"Come on, Josh! Come on baby!" a voice shouted from the sideline.
Out came another three reps. With a final push, the captain was finished with his set.
Twenty-five reps of 225 pounds. Solid.
(Check out video of Gaines benching: )
Satisfied and shirt-drenched, Gaines reached for a grape Gatorade, his reward for expelling all he had to lift the bar.
Thousand of reps and hundreds of empty Gatorade bottles later, the sixth annual Lift For Life Challenge came to a close. As Gaines and his teammates completed the 11 different exercises and headed to the sideline, knees buckling with fatigue, it was clear the players had given everything they had for the fans, for their teammates and for the cause.
Lift For Life, which is staged by the Penn State football team's chapter of Uplifting Athletes, raises money for the fight against kidney cancer. This year, the organization topped the $300,000 mark in money raised all-time for the cause.
"This was great for the competition," senior lineman A.Q. Shipley said. "Anytime you can get good competition it's great for you."
Gaines and Shipley comprised half of the team which called themselves, "Can I get an Encore," alluding to their title the year before. In all, 24 teams took part in Lift For Life, keeping fans and spectators' undivided attention, but more importantly, helping a terrific cause.
For the fans, the goal of Lift For Life was simple: come watch their favorite Penn State players, try to get an autograph or two, and acclimate themselves into another football season in Happy Valley.
For the players themselves, the challenge was just that — challenging. Nearly a dozen events, each testing the strength and endurance of the athletes, created a virtual "workout from hell.
Events like tire flipping, leg pressing and endurance jumping left the players exhausted, with jaws dropped open for air, and T-shirts being used as sweat towels.
By the time each team made it to the final event, the giant tire flip, it was all mental. Continuous shouts of encouragement from players were drowned out by the groans and grunts of the athlete competing.
In the end, a team named A Million Here, A Million There won the crown.

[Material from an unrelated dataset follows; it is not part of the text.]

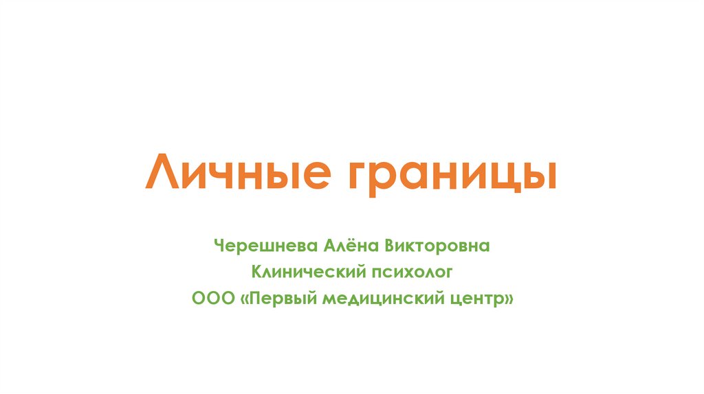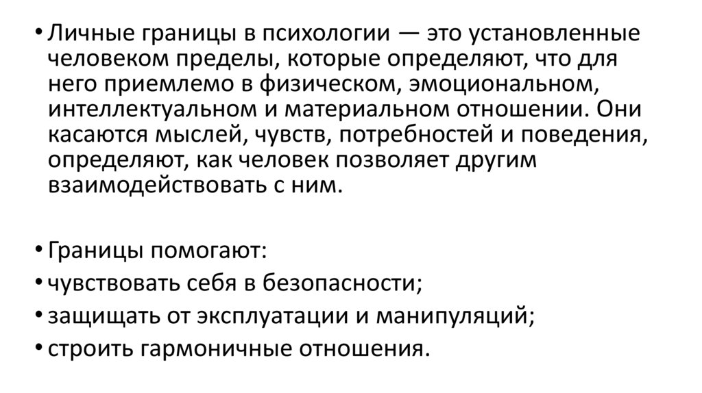 • Личные границы в психологии — это установленныечеловеком пределы, которые определяют, что для

It was made up of quarterback Daryll Clark, tight ends Mickey Shuler and Greg Miskinis, and linebacker Josh Hull. Shipley's crew finished second, and Up And Coming (receiver Jesse Alfreno, running back Brandon Beachum, tight end Andrew Szczerba and linebacker Nate Stupar) were in third before the final criteria (money raised) came into play.
When the extra criteria figured in, The Real Deihl (receiver Brett Brackett, offensive linemen Mike Lucian and Rich Ohrnberger, and safety Mark Rubin) finished tied for third. Brackett is the president of PSU Uplifting Athletes.
Scattered along the outskirts of the lifting areas were even more shouts from admiring fans, proud family members and assorted alumni who returned to catch a glimpse of their former proteges.
It was a day of sacrifice and a day of fighting adversities, similar to the sacrifices and adversities those with cancer face every day but nearly to the same scope.
And though the players realize the pain they experienced Friday was simply a microcosm of the pain those with kidney cancer can face for many years, it was a humbling experience for them.
With fatigued expressions on their faces, and similar mannerisms as the players finished up their workouts, it was clear Lift For Life had a bigger purpose behind it, one all of the players embraced and reflected in their exercises.
"We're all out here for one goal and one cause," Clark said. "As you can see, there's a lot of people here and more than last year. It's a real successful thing for the team."